Brief:
The answer is the exact run of lines in the listing below from the line containing "Elitescreens SRM-PRO M120HSR-PRO" up to and including the line containing "Luxe zeer uitgebreide", with pictures removed.

Records to process:
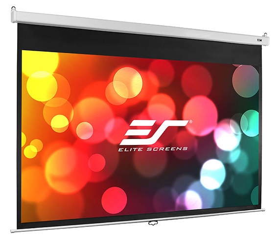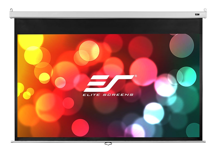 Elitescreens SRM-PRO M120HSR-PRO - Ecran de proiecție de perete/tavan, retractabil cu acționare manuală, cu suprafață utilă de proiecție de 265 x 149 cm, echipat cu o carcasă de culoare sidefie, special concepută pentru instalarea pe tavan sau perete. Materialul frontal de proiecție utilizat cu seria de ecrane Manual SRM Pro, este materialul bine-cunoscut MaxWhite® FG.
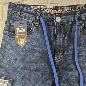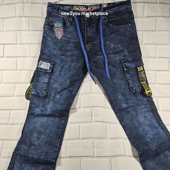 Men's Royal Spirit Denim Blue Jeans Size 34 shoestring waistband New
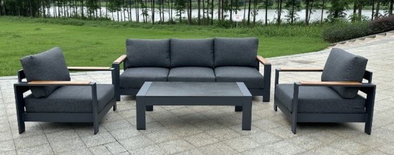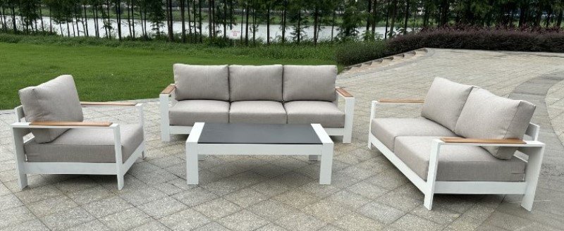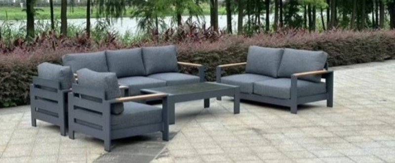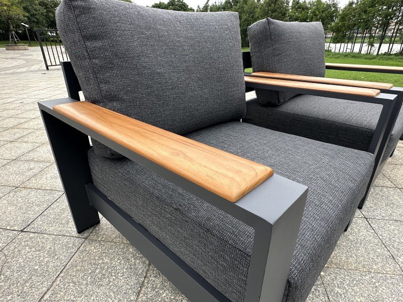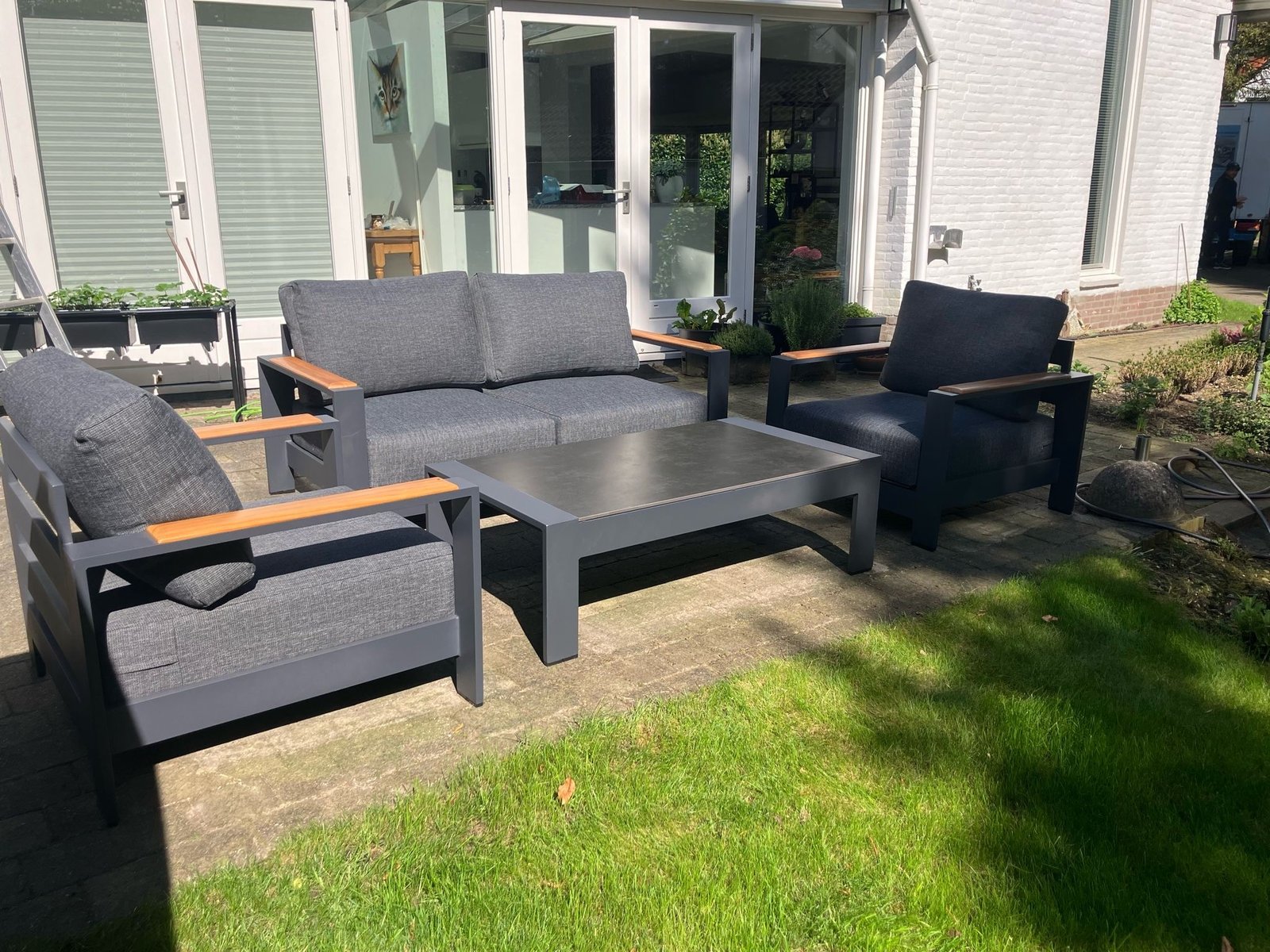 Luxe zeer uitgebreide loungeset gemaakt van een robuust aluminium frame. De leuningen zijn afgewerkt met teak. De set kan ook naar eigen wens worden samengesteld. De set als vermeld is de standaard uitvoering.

==

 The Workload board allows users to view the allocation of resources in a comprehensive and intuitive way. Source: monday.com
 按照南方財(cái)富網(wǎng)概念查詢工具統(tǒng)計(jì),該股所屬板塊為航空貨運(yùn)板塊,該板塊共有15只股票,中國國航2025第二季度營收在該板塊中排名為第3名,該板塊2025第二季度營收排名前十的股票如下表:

Task response:
 Elitescreens SRM-PRO M120HSR-PRO - Ecran de proiecție de perete/tavan, retractabil cu acționare manuală, cu suprafață utilă de proiecție de 265 x 149 cm, echipat cu o carcasă de culoare sidefie, special concepută pentru instalarea pe tavan sau perete. Materialul frontal de proiecție utilizat cu seria de ecrane Manual SRM Pro, este materialul bine-cunoscut MaxWhite® FG.
 Men's Royal Spirit Denim Blue Jeans Size 34 shoestring waistband New
 Luxe zeer uitgebreide loungeset gemaakt van een robuust aluminium frame. De leuningen zijn afgewerkt met teak. De set kan ook naar eigen wens worden samengesteld. De set als vermeld is de standaard uitvoering.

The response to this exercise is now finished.